Thus in these dimensions $\ker(Sq^1)$ is generated as a $\mathbb{Z}_2$-vector space by $\{\iota,\iota^2,\iota^3\}$, whist $im(Sq^1)$ is generated by $\{Sq^1(Sq^2\iota)=\iota^2,Sq^1(\iota\cdot Sq^2\iota)=\iota^3\}$. We see that these agree in dimension $5-9$.

Now recall Hatcher's discussion of the Bockstein spectral sequence, which takes as input $E^*_1=H^*(K(\mathbb{Z},3);\mathbb{Z}_2)$ and converges to $E^*_\infty= H^*(K(\mathbb{Z},3))/(torsion)\otimes\mathbb{Z}_2$. The differential on the $E_1$-page of this spectral sequence is the Bockstein $\beta$, which, in the case $p=2$ is exactly the Steenrod operators $Sq^1$. Moreover, the $E_r$-page can be identified with the subgroup $2^{r-1}\cdot H^*(K(\mathbb{Z},3);\mathbb{Z}_{2^r})$ of $H^*(K(\mathbb{Z},3);\mathbb{Z}_{2^r})$. The previous calculations tell us that $E_2^*=0$ for $*=5,\dots,9$. Therefore $2\cdot H^*(K(\mathbb{Z},3);\mathbb{Z}_4)=0$ for $*=5,\dots, 9$ so the 2-torsion of order at most $2$.

I'm not sure I quite understand your second question. If you can be a bit clearer I will be happy to fill in any further details later on. I think you need to consider this. The exact coefficient sequence $0\rightarrow\mathbb{Z}\xrightarrow{\times 2}\mathbb{Z}\rightarrow\mathbb{Z}_2\rightarrow 0$ induces a long exact sequence for any space $X$

$$\dots\rightarrow H^n(X)\xrightarrow{\times 2}H^n(X)\xrightarrow{\rho_2} H^n(X;\mathbb{Z}_2)\xrightarrow{\delta} H^{n+1}(X)\rightarrow\dots$$

where $\rho_2$ is the mod 2 reduction and $\delta$ is the connecting map of the long exact sequence. Then the Bockstein $\beta=Sq^1$ is the composite

$$\beta=Sq^1=\rho_2\circ\delta:H^n(X;\mathbb{Z}_2)\xrightarrow{\delta} H^{n+1}(X)\xrightarrow{\rho_2} H^{n+1}(X;\mathbb{Z}_2)$$

The point is that not only does it hold that $Sq^1Sq^1=(\rho_2\delta)(\rho_2\delta)=\rho_2(\delta\rho_2)\delta=\rho_2(0)\delta=0$, but also that $Sq^1\rho_2=(\rho_2\delta)\rho_2=(0)\rho_2=0$ and $\delta Sq^1=\delta(\rho_2\delta)=(\delta\rho_2)\delta=(0)\delta=0$. Using what you know about the kernel and image of $Sq^1$ you should be able to use these equations to decide why certain mod 2 reductions are injective.

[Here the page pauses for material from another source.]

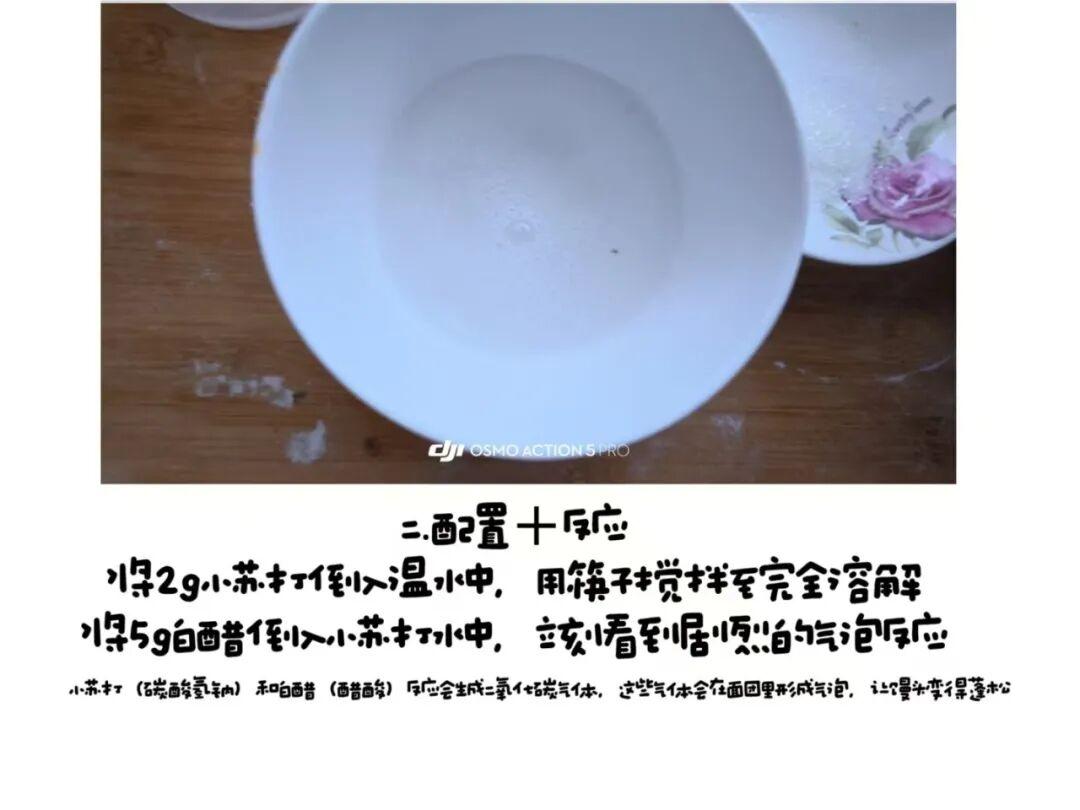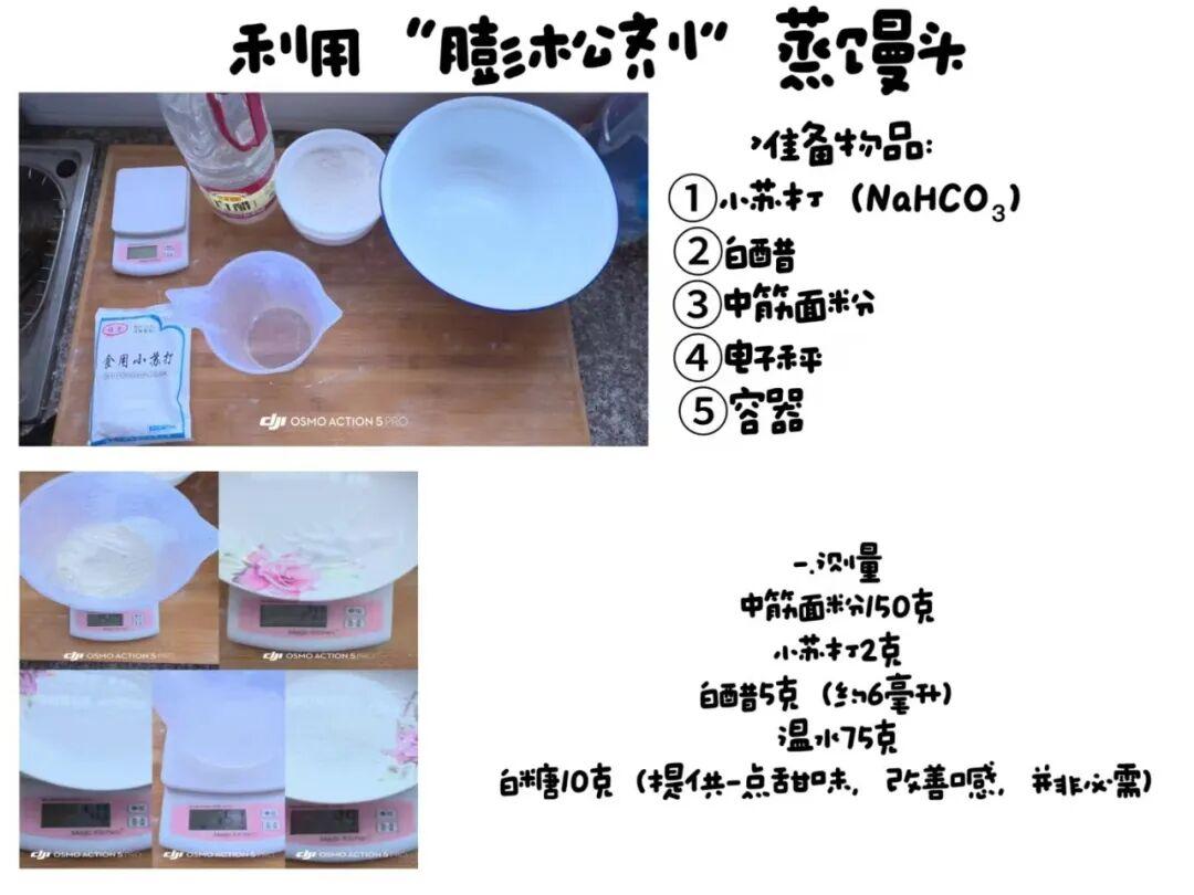 有的同学在餐桌上把白瓷碗一字排开,除了酵母、小苏打还额外准备了“小苏打+食醋”“小苏打+柠檬酸”的组合。从称量食材到揉制面团,从等待发酵到蒸锅冒气,同学们全程亲力亲为。

Third question: You are studying the Serre Spectral sequences of the fibration $K(\mathbb{Z}_2,4)\rightarrow X_4\rightarrow K(\mathbb{Z},3)$, where $X_4$ is obtained as the pullback of the path-space fibration of a map $k_3=Sq^2\iota:K(\mathbb{Z},3)\rightarrow K(\mathbb{Z}_2,5)$. This spectral sequence takes as input $E_2^{p,q}=H^p(K(\mathbb{Z},3);H^q(K(\mathbb{Z}_2,4))$ and converges to $E_\infty^{p,q}=H^{p+q}(X_4)$. This is reason that you end up with classes in $H^6(X_4)$ rather than $H^6(K(\mathbb{Z},3)$. It is the cohomology of the space $X_4$ that you are calculating with this spectral sequence.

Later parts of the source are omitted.